1. Mechanisms of Ionospheric Mass Ejection
- Author
-
Moore, Thomas Earle, Khazanov, George V, Hannah, Mei-Ching, and Glocer, Alex
- Subjects
Astronomy - Abstract
Ionospheric outflows are directly responsive to solar wind disturbances, particularly in the dayside auroral cusp or cleft regions. Inputs of both electromagnetic energy (Poynting flux) and kinetic energy (particle precipitation) are closely correlated with these outflows. We assess the importance of processes thought to drive ionospheric outflows. These begin with the diffuse effects of photoionization and thermal equilibrium of the ionospheric topside, enhancing Jeans' escape, with ambipolar diffusion and acceleration. Auroral outflows begin with dayside reconnexion and resultant field-aligned currents and driven convection. These produce plasmaspheric plumes, collisional heating and wave-particle interactions, centrifugal acceleration, and auroral acceleration by parallel electric fields, including enhanced ambipolar fields from electron heating by precipitation particles.
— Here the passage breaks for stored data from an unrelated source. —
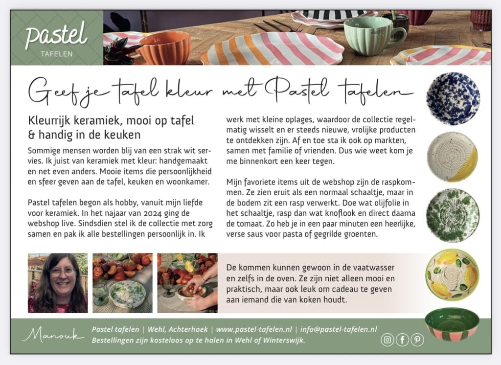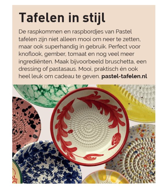 In maart 2026 verscheen Pastel Tafelen in Mijn Magazine. Daarin werd de webshop en het verhaal erachter uitgelicht: waarom ik ben begonnen en waarom vooral de kleurrijke raspkommen zo goed passen bij wat ik graag verkoop.
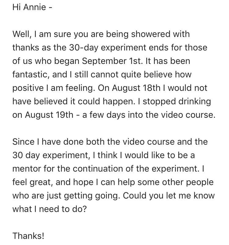 What would you say if I told you that in just 30 days I could change the way you view alcohol - and take away your desire to drink and put you back in the driver's seat in your relationship with alcohol?
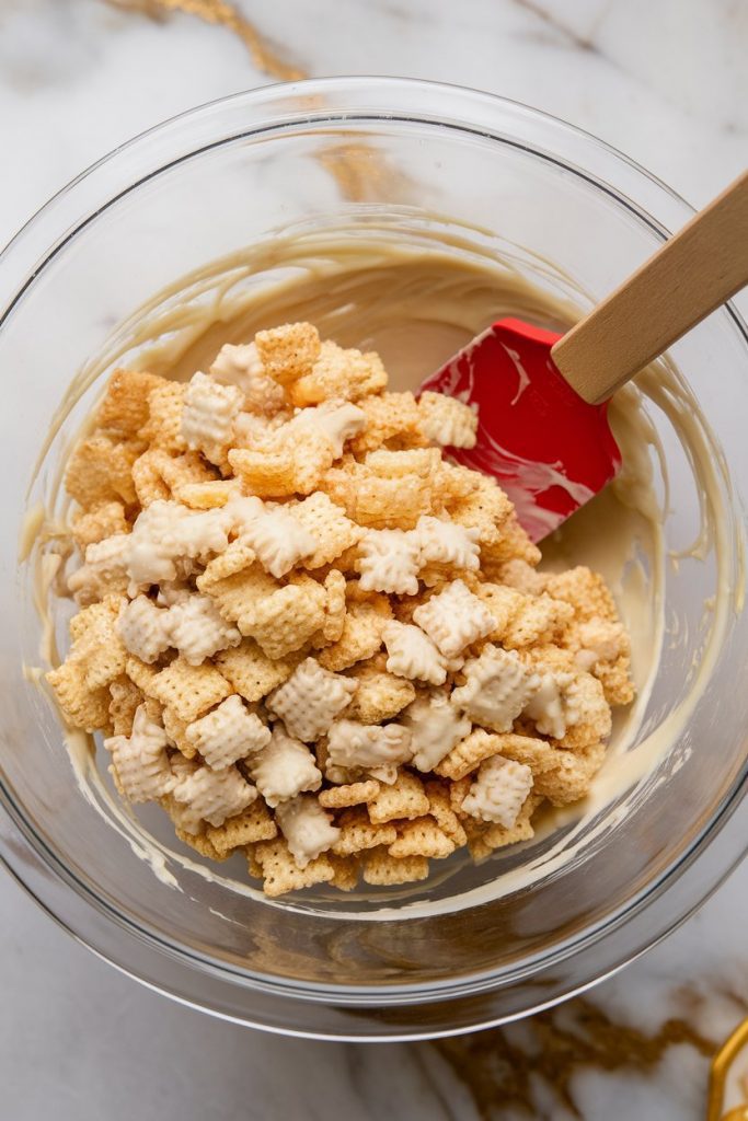 Add 6 cups Rice Chex cereal to a large mixing bowl. Pour the warm cream cheese chocolate mixture over the cereal. Use a spatula to gently fold it all together until evenly coated.
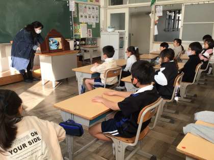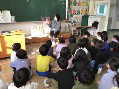 読み語り1 公開日 2024/02/08 更新日 2024/02/08 PTA活動 今日は、今年度最後の読み語りでした。読み語りにご協力いただいた、たくさんの方々のおかげで子どもたちは一年間、さまざまなお話にふれることができました。読み語りに夢中になる子どもたちの目や笑顔を見るたびに、本やお話の世界の素晴らしさを感じました。 読み語りにご協力いただいたみなさま、ありがとうございました。
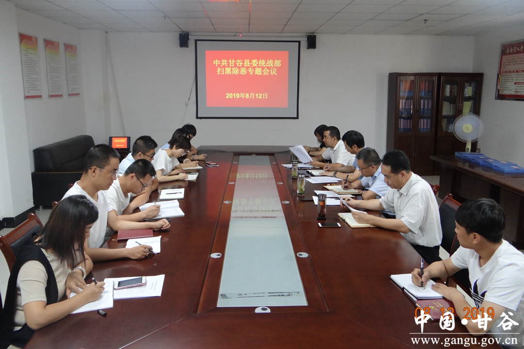 8月12日,甘谷縣委統(tǒng)戰(zhàn)部召開掃黑除惡專項斗爭專題學習會,進一步推進掃黑除惡專項斗爭向縱深發(fā)展?h委常委、統(tǒng)戰(zhàn)部長王剛出席會議;統(tǒng)戰(zhàn)系統(tǒng)全體黨員干部參加會議。
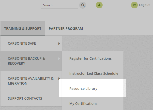 - Under the Training & Support header within the Partner Portal home page, hover over the applicable product line and click Resource Library.

Solar wind energy dissipation is concentrated by the geomagnetic field into auroral regions with an amplification factor of 10-100, enhancing heavy species plasma and gas escape from gravity, and providing more current carrying capacity. Internal plasmas thus enable electromagnetic driving via coupling to the plasma and neutral gas. We assess the importance of each of these processes in terms of local escape flux production as well as global outflow, and suggest methods for their implementation within multi-species global simulation codes. We conclude by assessing outstanding obstacles to this objective.